Оценить:
 Рейтинг: 3.67

Фавор и опала. Лопухинское дело (сборник)

<< 1 ... 11 12 13 14 15 16 17 18 19 ... 47 >>
На страницу:
15 из 47
Настройки чтения
Размер шрифта
Высота строк
Поля
Утомленный, разбитый, с пересохшим горлом, явился Вурм прямо с дороги в кабинет графа Рейнгольда и молча протянул ему свою меховую шапку. Граф понял, в чем дело, опытными руками ощупал шапку, распорол подкладку и осторожно вынул письмо. С должным вниманием прочел он письмо брата с известием о предстоящем избрании герцогини и с советом принять это избрание, в какой бы форме оно ни было предложено. Рейнгольд Карла дополнил, взвесил, оценил, и через час тройка несла его к резиденции Курляндии по ровной дороге, скованных морозом вод Дризома.

Митавский дворец или, лучше сказать, замок герцогов Курляндских находился на том же самом месте, на котором существует нынешний дворец, не напоминающий, впрочем, нисколько прежнего замка. Основанный в 1264 году гроссмейстером немецкого ордена Кондратом фон Майдерсом в виде укрепления, окруженного рвом, замок постоянно и постепенно укреплялся и наконец приведен был почти в неприступное положение. Это было неуклюжее, грубой работы здание с толстыми стенами, узкими окнами, как и все немецкие замки того времени. В таком виде замок существовал до 1703 года, когда русские взяли его приступом, срыли укрепления, но оставили самый замок нетронутым. Ныне дворец окружают парки и сады, но в то время это была самая непривлекательная, печальная местность, безлесная и болотистая, по которой уныло пробирался мутный Дризом, приток Аа.

На другой день, 23 января, утром, чуть божий свет стал брезжиться и выводить из полумрака незатейливый дворец герцогов Курляндских, а немецкие головы обнажаться от ночных колпаков, граф Рейнгольд уже входил в то отделение, примыкавшее ко дворцу, где имел пребывание камер-юнкер Эрнст Иоганн Бирон.

День 23 января 1730 года – роковой счастливый день для Эрнста Иоганна Бирона, круто повернувший его незавидную долю, поставивший этого внука конюха в графы, владетельные герцоги и, наконец, в распорядители судеб одной из великих империй в мире.

– Ах, граф! Извините… простите… чему я обязан чести видеть… принимать… – говорил Эрнст Иоганн Бирон входившему в его кабинет графу Рейнгольду Левенвольду. – Я не одет… в таком костюме.

Видно было, что раннее и неожиданное посещение Левенвольда озадачило камер-юнкера. Он заметно смутился и, в торопливости закрывая рукою голую шею, тем незаметно раскрывал полы шлафрока.
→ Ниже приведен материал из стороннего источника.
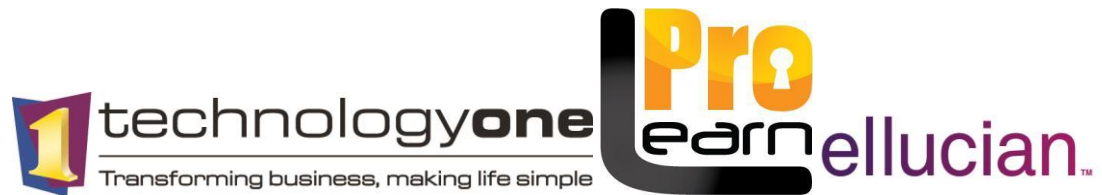
Image: Technologyone, ProLearn and Ellucian logos

Having corporate affiliates of this calibre demonstrates that TDA has strategic partnerships with industry bodies supporting the education sector.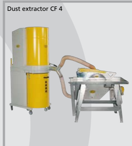
Dust extractor CF 4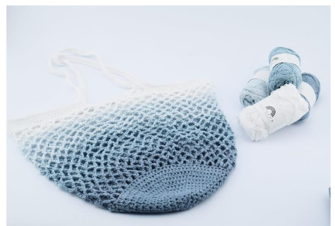
10. Weave in the ends and now your beach bag is ready to use! (3)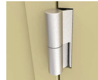
IAC's proprietary cam lift hinge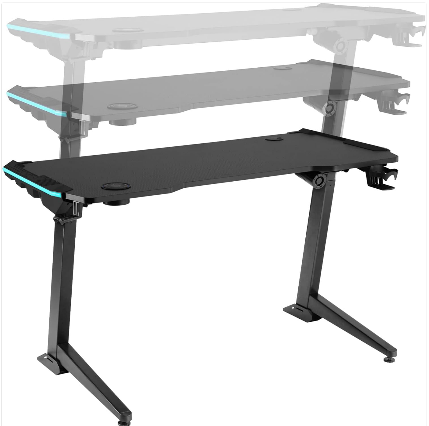
Image: The TecTake Sit-Stand Gaming Desk illustrating its height adjustment range, from its lowest to highest position, demonstrating the electric lift mechanism.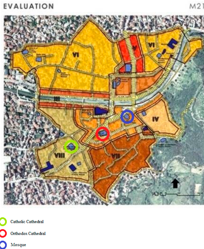
Figure 3. Prizren historic area according to the Prizren Historic Area Conservation and Development Plan (2008).

Therefore, the key principle of the law was to ensure development in a controlled manner that would contribute to the preservation of the unique character of the area. This is also an essential requirement of the CSP Annex V and the Law on Special Protective Zones. Following the local urban, social, and cultural characteristics, the working group decided that the protective zone of the historic centre of Prizren would be a wider zone based on the following two main principles: (I) To provide technical criteria for its controlled planning and development in order to preserve the urban heritage and the spirit of the place and (II) to ensure that all communities attached to it are included in the process of planning and development.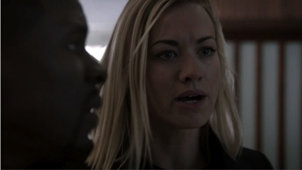
Kate is not giving up on Jack. She believes he's trying to help.

Kate and Eric speak to Tanner and get the information about why Jack is at the embassy and interested in him. He tells them he's there to stop an attack on Heller and also to help clear him. They don't totally disbelieve him but they know they need to talk to Bauer to get all the info.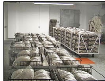
3. Substrate cooling in sterile air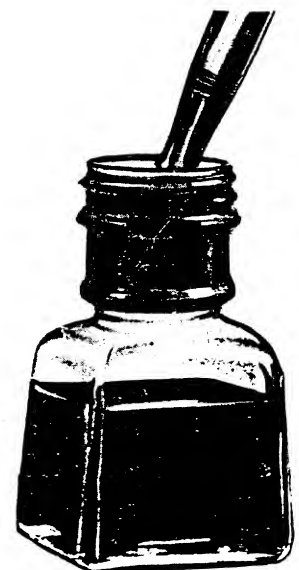
When bottle is quickly returned to its regular base, well retains generous supply of ink.

Well-Top is packed 3 dozen bottles to a carton in the following 6 assortments: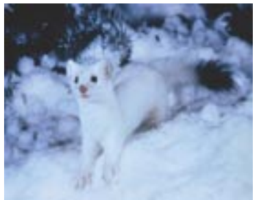
2.) Winter ermine.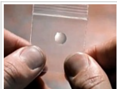
"Genius Pill" BANNED in 49 States Except Massachusetts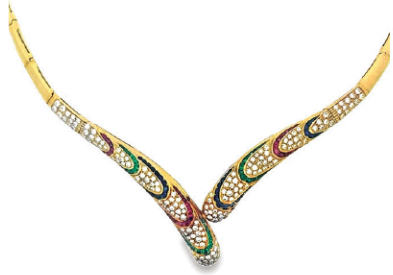
Lot 44 Italian Sapphire, Emerald, Ruby and Diamond Necklace

Online bidding at liveauctioneers and bidsquare • Bid in person on site, on the phone or left bids accepted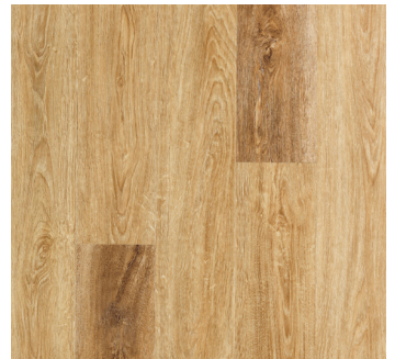
METAL SMOKE EFS21-314 PLANK VARIATION: 10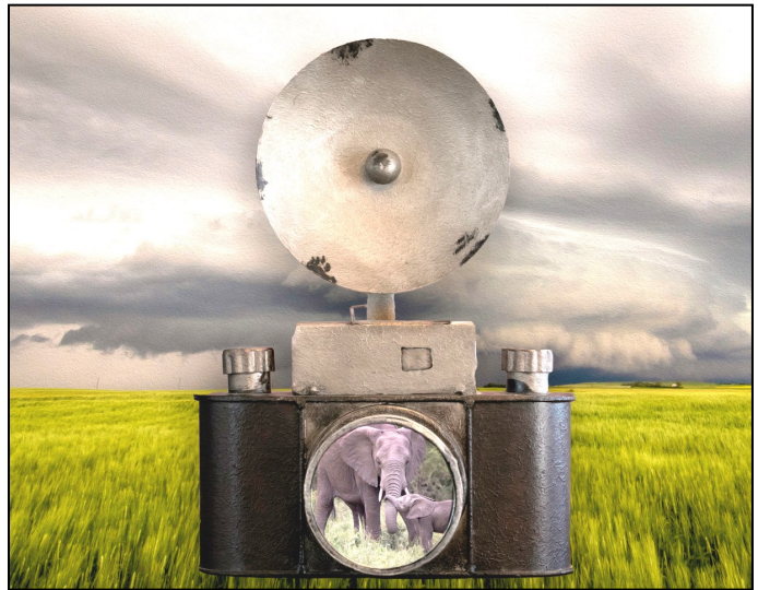
2. Prairie Elephant Photo Shoot – Tracy Miller, IWPA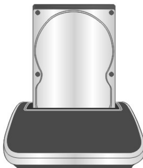
Install 3.5" HDD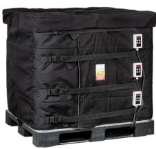
3 Zone (0-90°C) 3x1000W 230V: 11-9861B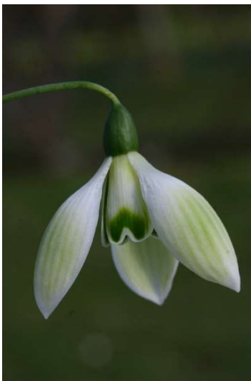
G. 'Cowhouse Green'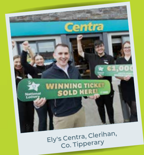
Ely's Centra, Clerihan, Co. Tipperary

– Важные новости, любезный господин камер-юнкер, сегодня ночью привез мне гонец от брата.

– Из Москвы?

– Из Москвы.

Господин камер-юнкер изменился в лице: он знал нерасположение к себе московских бояр и боялся их.

– Важные новости… – продолжал между тем граф, понижая голос и оглядывая комнату.

– Не беспокойтесь, господин граф, мы одни… нас не могут слышать… Но садитесь, граф… вот вам здесь удобнее.

– Новости, которые требуют величайшего секрета.

Бирон обратился весь в ожидание.

– Российский государь Петр II скончался… Брат думает… и Остерман тоже полагает… заметьте… и Остерман… – продолжал граф уже шепотом, – что московские бояре выберут нашу всемилостивейшую государыню.

– Как?! – только и мог пробормотать Бирон, совершенно растерявшись и отупело смотря на гостя.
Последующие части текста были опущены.